A coluna Mulheres em Movimento entrevistou Carla Akotirene, bacharela em serviço social, mestra e doutoranda em estudos sobre mulheres, gênero e feminismo pela Universidade Federal da Bahia (UFBA) sobre o livro O que é Interseccionalidade?
Por: Carla Batista no Folha Pe
A coluna Mulheres em Movimento entrevistou Carla Akotirene, bacharela em serviço social, mestra e doutoranda em estudos sobre mulheres, gênero e feminismo pela Universidade Federal da Bahia (UFBA) sobre o livro O que é Interseccionalidade? A publicação será lançada nos próximos meses com a sua presença, em diversas cidades do país. O livro se encontra em pré venda, através do site da Editora Letramento: Grupo Letramento.

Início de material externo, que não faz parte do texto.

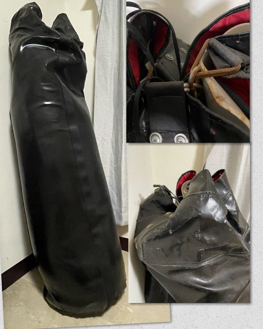 沙包上面的皮革有裂、金屬扣環有生鏽、沙包內已經有塞碎布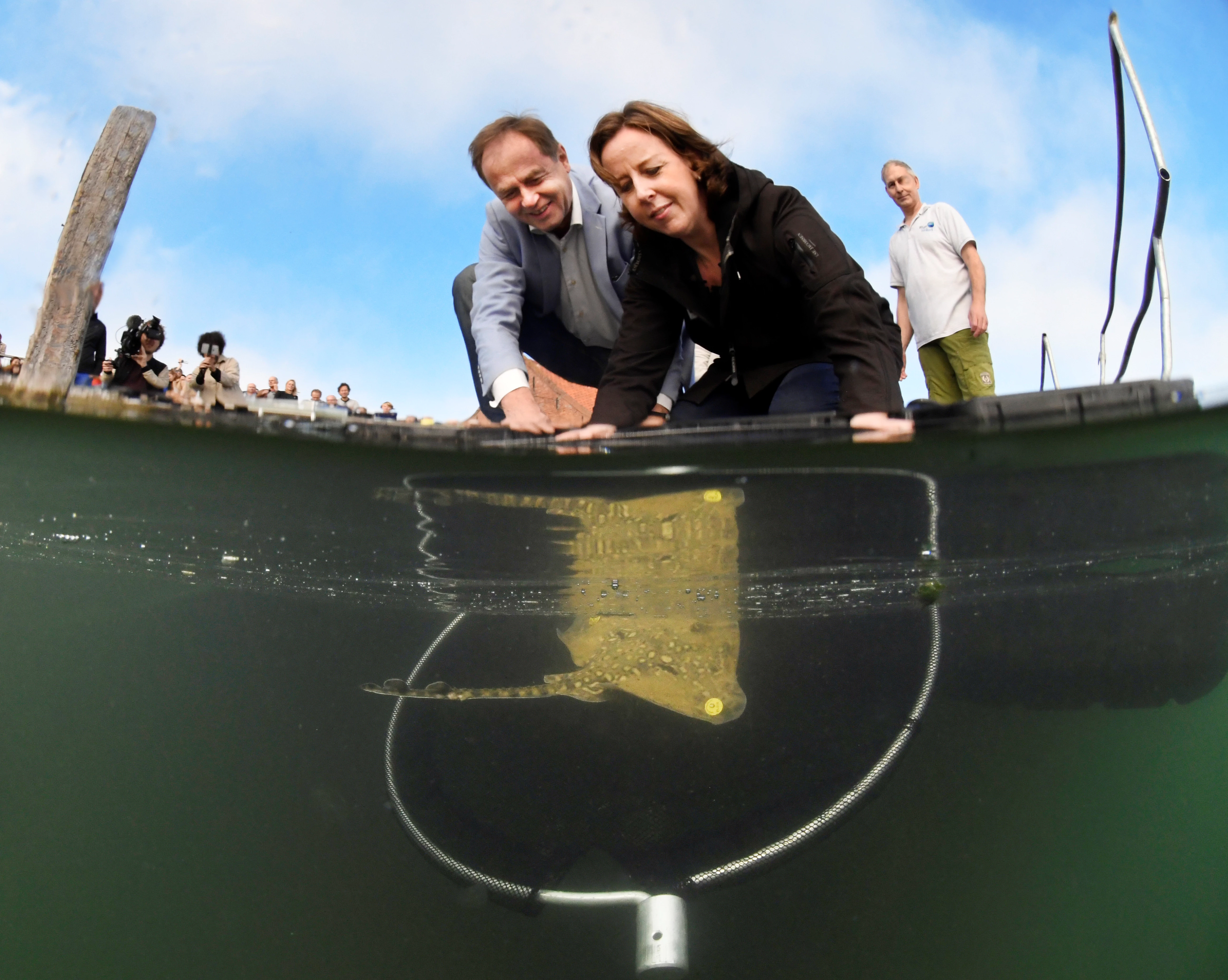 In dit vernieuwende project werken vijf organisaties samen die zich bezig houden met natuurbescherming van de Noordzee: Wereld Natuur Fonds, Sportvisserij Nederland, Dutch Shark Society, Blue Linked en Stichting De Noordzee. Het pilotproject dat vandaag is gestart gaat meer informatie opleveren die bijdraagt aan het herstel van haaien- en roggenpopulaties in de Noordzee. Ook wordt bekeken of de uitgezette stekelroggen de route richting de Noordzee goed kunnen vinden.

Carla Akotirene foi a primeira pessoa da sua família a chegar à universidade graças a conquistas que, nem bem se concretizaram amplamente, se encontram ameaçadas. O livro pode nos ajudar a assimilar a dimensão dessas conquistas e ameaças. É também uma das mulheres negras que “rompeu com a passividade das leituras e buscou o movimento da escrita”. Compartilhei esta frase da colunista do Nexo Giovana Xavier, quando ela se referiu a Conceição Evaristo, nossa eleita para a Academia Brasileira de Letras. Carla Akotirene é uma das pessoas que produzem conhecimentos que precisam ser compartilhados, compreendidos e assimilados para que o mundo fique melhor. Boa leitura. Comente. Compartilhe. E leia o livro!
CB: Nos fale um pouco sobre a sua trajetória.
Akotirene: Sou cria do Instituto Steve Biko. Tanto do Cursinho pré vestibular quanto do Projeto POMPA/CEAFRO. O primeiro é uma ação afirmativa com objetivo de inserir negras/os oriundos de escola pública e de baixa renda familiar nas Universidades, mediante conteúdo sobre cidadania e consciência negra, disciplina obrigatória no Steve Biko. O POMPA foi uma ação pioneira no Brasil, em 2004, resultante de parceria das fundações Fulbright/Loreley Williams e CEAFRO (Programa de Educação Racial e de Gênero do Centro de Estudos Afro Orientais da UFBA) na qual 21 jovens negros/as selecionados/as passaram por uma escola de formação que incluía estágio supervisionado com figuras públicas negras, intelectuais negras e parlamentares negros, sobre em quais condições estruturais podemos ingressar na administração pública, universidades e governanças, sem corromper princípios de militância antirracista e em prol da comunidade negra. Tais organizações me proporcionaram densa e aprimorada formação política para a ocupação de espaços estratégicos, a fim de abrir portas para outras pessoas negras.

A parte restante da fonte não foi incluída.